Préférez-vous la scène ou le studio? Pour quelles raisons?
La scène et le studio sont deux choses différentes. On ne préfère ni l’un, ni l’autre ; même si nous vivons de la scène et existons grâce à elle, le studio nous permet de “fixer” une chanson à jamais. Le studio nous permet de peaufiner les arrangements, l’interprétation, les ambiances; c’est un travail d’orfèvre laborieux mais jouissif. La scène, à l’opposé, n’existe nulle part dans le temps à part dans le temps présent. La scène privilégie la spontanéité, l’improvisation, le surprenant.
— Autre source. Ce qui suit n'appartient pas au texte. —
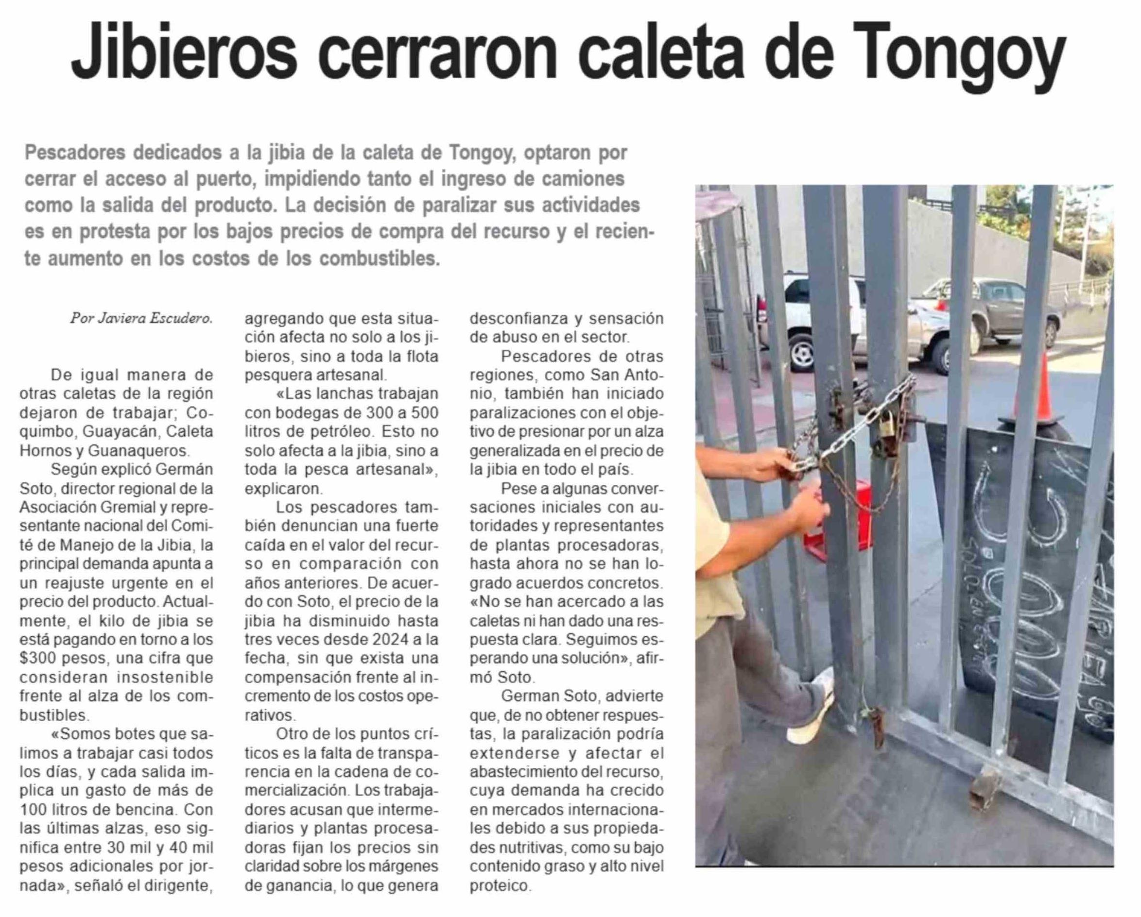 Jibieros cerraron caleta de Tongoy

Pendant la préparation d’un titre ou d’un album, quelle est l’étape que vous préférez?
J’aime beaucoup la première étape, celle qui se fait chez moi dans mon atelier. Je suis seul, j’ai quelques bribes de textes, quelques mélodies, quelques accords et je dois composer avec tout ça, assembler, couper, coller, recommencer, jusqu’à ce que vienne une chanson cohérente, une chanson qui m’étonne et me surprenne. J’aime beaucoup la seconde étape, lorsque je présente cette chanson aux musiciens. C’est à chaque fois un moment unique, et à chaque fois les musiciens m’étonnent, s’appropriant la chanson et lui donnant une couleur bien à eux. Ces deux premières étapes sont pour moi les plus importantes et excitantes du processus de création. Vient ensuite l’enregistrement puis la scène.
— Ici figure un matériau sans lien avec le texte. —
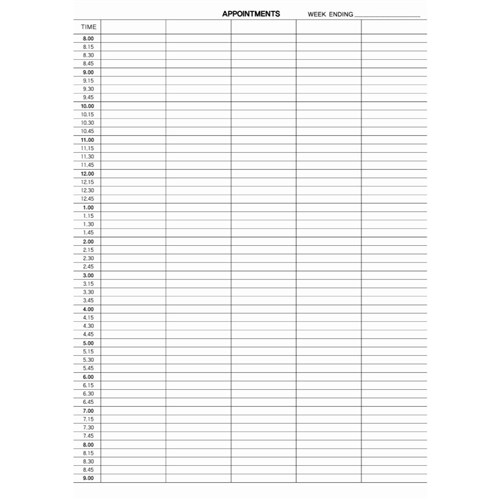 Zions 1412 Appointment Book A4 1/4Hr 8am to 9pm 192 Page

Quelles musiques écoutez-vous en ce moment?
OTK, un groupe tchèque : magnifique, noir, violent.
J’écoute aussi Daniel Darc, Dominique A, le groupe de métal canadien Voïvoid.

Que pensez-vous d’internet en tant que musiciens?
Internet est un moyen comme un autre de communiquer, d’échanger, de recevoir des informations. Néanmoins, je ne l’utilise pas. Je préfère la nature, les arbres, le ciel pour communiquer avec le monde. Car le monde n’est rien d’autre que cela, et non pas un écran de télévision ou d’ordinateur.
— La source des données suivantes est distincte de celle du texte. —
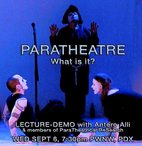 Paratheatre combines methods of physical theatre, dance, vocalization and meditation to access and express the internal landscape of the Body’s innate sources of impulse, emotion, power, and grace. In this public presentation, director Antero Alli discusses the basic methods of his Paratheatre medium while several members of ParaTheatrical ReSearch demonstrate them.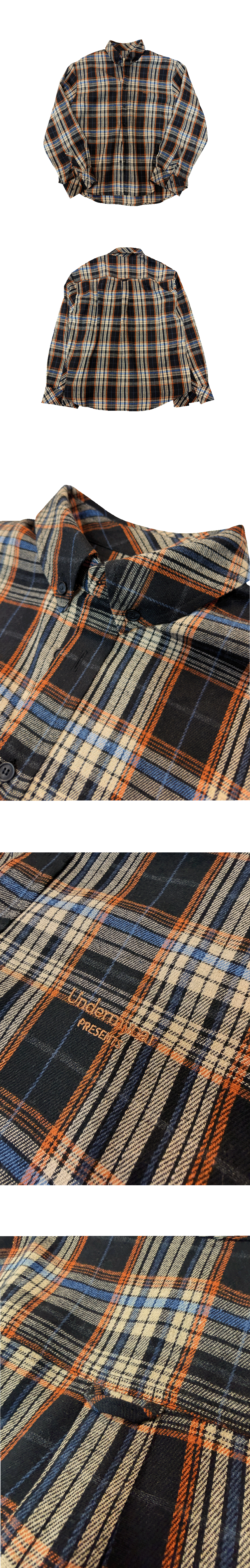언더마이카 무.153 클래식 로고 베이직 롱 슬리브 플란넬 셔츠 블랙 오렌지

Pensez-vous qu’Internet représente une réelle menace pour les artistes (au sujet des droits d’auteurs)?
Oui, le téléchargement ressemble à une grande surface (un centre commercial) où tout le monde vient piller les rayonnages mais sans payer à la caisse. A moyen terme, il n’y aura plus de rayonnage, autrement dit plus de produits, plus d’artistes. En même temps, il suffit simplement d’endiguer le pillage, non pas en arrêtant les consommateurs mais en imposant des caisses.

Quels sont vos projets?
Enregistrer un quatrième disque, sortir un roman en même temps. L’un et l’autre porteront le même titre ‘Gautier le ressuscité”, et raconteront l’histoire d’un homme qui se construit, lentement, qui se reconstruit et s’humanise.